Monday, November 22, 2010

Leftover Turkey: Its still all about the sauce.

A couple of months ago I made cranberry sauce for the first time.  It was easy, it tasted divine, and we have been needing some turkey to go with it for some time now.  For more on that (including the recipe), go here.  So, we have some turkey, a vegetable pie, and cranberry sauce for a couple of nights.  But now it is time to deal with the leftovers.  I only had about 2 cups of turkey left, so I decided to make a salad out of it, and the guest star is..........THE SAUCE!



I winged the recipe based off of things seen and eaten in the past.  Turkey, mayo, celery, salt, pepper, thyme, sage, nuts (I used raw cashews because it was all I had, but walnuts or pecans are also good), and the leftover cranberry sauce.  Yum.  The chunks and spicy-sweet flavor totally make the salad.  This is, in my opinion, way better than any turkey salad with dried cranberries in it.  It is a bit more like a turkey & stuffing sandwich in flavor, probably due to the similar sweetness form a sauced cranberry vs. a dried.  I think it will become a permanent way to use up turkey in my house.  Just thought I would share.

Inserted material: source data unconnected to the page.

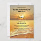 Bachelorette oder Wochenendaufenthalt Einladung Programm Vorlage mit einem romantischen Bild eines Sonnenuntergangs am Strand. Sie können alle Texte anpassen und Felder löschen, die Sie nicht benötigen. Bitte passen Sie auch die Rückseite der Einladung an.
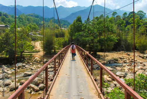 © Ilona, Fototapeta premium A Hmong girl walking on a bridge across stream in Sapa, Vietnam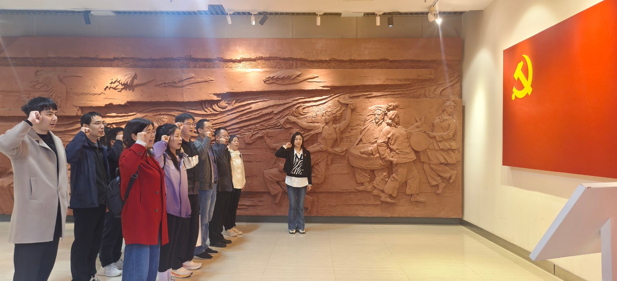 活动首站走进焦裕禄纪念馆。泛黄的历史照片、珍贵的实物遗存,生动再现了焦裕禄同志“心中装着全体人民,唯独没有他自己”的公仆情怀,让大家深刻领悟“为民造福是最大政绩”的精神内涵。参观结束后,全体党员面向党旗庄严宣誓,重温入党誓词,砥砺初心使命。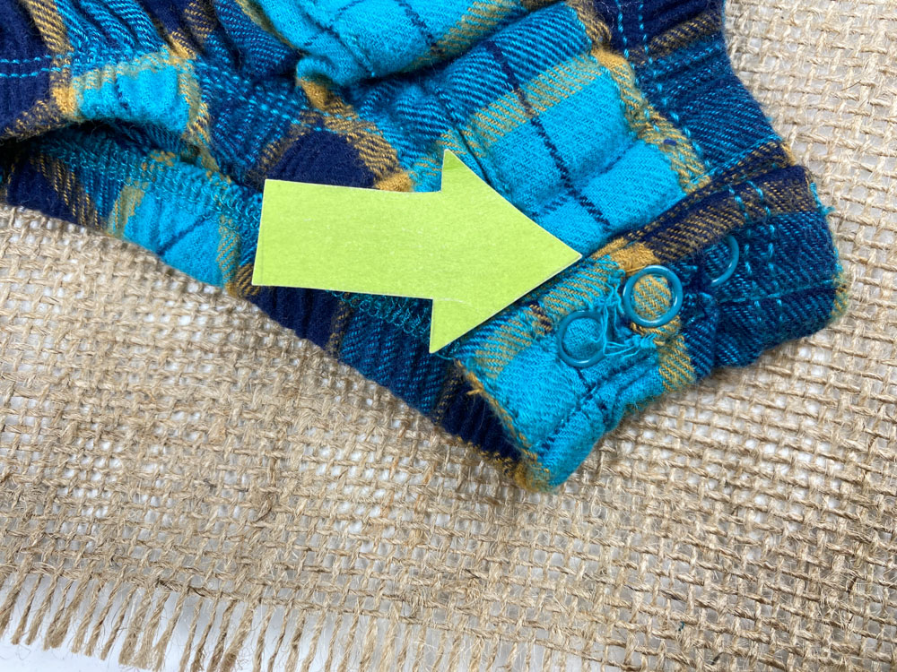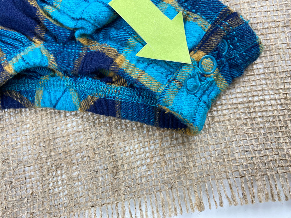 قسمت پایین لباس سمت دکمه پارچه ریش ریش شده است

Have a wonderful Thanksgiving everyone!!

Thursday, November 18, 2010

An update....

I am still reading, still educating myself and I came across this blog, with a post titled Keep Mansanto out of your garden,  which has Johnny's Seminis seed list cut way down from the 2009 data I had read a few days ago.  This makes me happy.  One reader's comment really struck me and I want to share it with you:

Mark M. -  "I think it’s great that people are making wise consumer choices, and I’m comforted that so many people are reacting with their hard earned dollars to avoid Monsanto products. But your use of the phrase Monsanto-Seminis is a bit misleading.
Seminis was previously owned by an eccentric Mexican billionaire, who sought to buy up many, many seed production companies from around the world, not just in North America. Some of these (Peto Seeds, for instance) had been in operation for decades prior to Seminis’ purchase of them. The fields (and farmers) that grew seeds for Peto, now just grew them for Seminis. Same high quality, often organically grown, and this trade allowed for seed farmers to make a competitive buck growing and breeding top-of-the-line vegetable seeds. Seminis actually promoted genetic diversity in seeds, and came to control production on (as you say) some of the golden standards in garden seeds.
There is no question that Monsanto has purchased and now controls Seminis, but Seminis operates as a division of Monsanto, and still relies on contracts with the same grower families that provided seeds for Peto and so many others. Seminis sells seeds. Monsanto’s chemical divisions sell the GM products, and after all, Monsanto is a chemical company, just like Bayer and Syngenta, and many others who have invested in seed production.
So the misleading element here is to suggest that small seed companies that still carry the Seminis products are somehow on the payroll or in cahoots with Monsanto – which is inaccurate. Also inaccurate is the general assumption that all these seeds are suddenly genetically modified. Of course they’re not! They’ve made money over the years because of good breeding, not laboratory tampering. A blinkered boycott of all Seminis products will simply put a lot of farming families out of business. This is not a defense of Monsanto, but your readers should be better informed before they jump on the bandwagon that paints Monsanto (tellingly deleted above) as the Devil.
It might be a poster child for evil corporatism and dubious science – that’s not my beef. But be aware that if you’re wearing denim right now, or if you own a pair of jeans bought in the last ten years, you’re wearing Monsanto’s roundup-ready cotton, and you’ve paid for it. And it is industrially grown crops like cotton (as well as soy – for those of you who enjoy tofu, miso, etc…) that directly contribute money to Monsanto, unlike buying a packet of garden seeds that benefits Seminis (by possibly a penny) and the growers who produce the seeds.
I hear these discussions all the time, and really think the conversation should be expanded and kept in check. Again, informed consumers can make a difference, which is a good thing. Partially informed consumers just make partially informed choices.
For the record, I do not work for Seminis and would never apologize for Monsanto – I’m just trying to shine a more full-spectrum light on this very common debate that is raging about garden seeds."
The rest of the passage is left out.